How to Evaluate Speech Translation with Source-Aware Neural MT Metrics
Abstract
Source-aware metrics using ASR transcripts and back-translations improve speech-to-text evaluation by addressing alignment issues and incorporating source information.
Automatic evaluation of speech-to-text translation (ST) systems is typically performed by comparing translation hypotheses with one or more reference translations. While effective to some extent, this approach inherits the limitation of reference-based evaluation that ignores valuable information from the source input. In machine translation (MT), recent progress has shown that neural metrics incorporating the source text achieve stronger correlation with human judgments. Extending this idea to ST, however, is not trivial because the source is audio rather than text, and reliable transcripts or alignments between source and references are often unavailable. In this work, we conduct the first systematic study of source-aware metrics for ST, with a particular focus on real-world operating conditions where source transcripts are not available.

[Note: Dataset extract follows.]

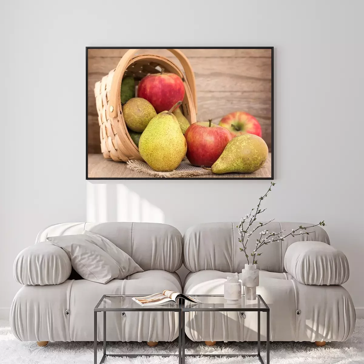 Poster  Poires et les pommes sur la table en bois
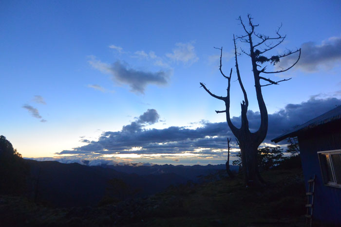 天気が怪しいのでテントサイトは避難小屋のある場所の傍らにする計画にしました。万が一の時は避難小屋逃げ込めるように。

We explore two complementary strategies for generating textual proxies of the input audio, automatic speech recognition (ASR) transcripts, and back-translations of the reference translation, and introduce a novel two-step cross-lingual re-segmentation algorithm to address the alignment mismatch between synthetic sources and reference translations. Our experiments, carried out on two ST benchmarks covering 79 language pairs and six ST systems with diverse architectures and performance levels, show that ASR transcripts constitute a more reliable synthetic source than back-translations when word error rate is below 20%, while back-translations always represent a computationally cheaper but still effective alternative. Furthermore, our cross-lingual re-segmentation algorithm enables robust use of source-aware MT metrics in ST evaluation, paving the way toward more accurate and principled evaluation methodologies for speech translation.
Community
We tackle how to use source-aware neural MT metrics for evaluating speech translation, even without transcripts. By generating synthetic sources (from ASR transcripts or back-translations--BTs) and introducing a cross-lingual re-segmentation algorithm, we enable robust evaluation directly from speech. ASR sources excel when WER < 20%, while BTs remain a cheaper, solid fallback, paving the way for more accurate, source-informed ST evaluation.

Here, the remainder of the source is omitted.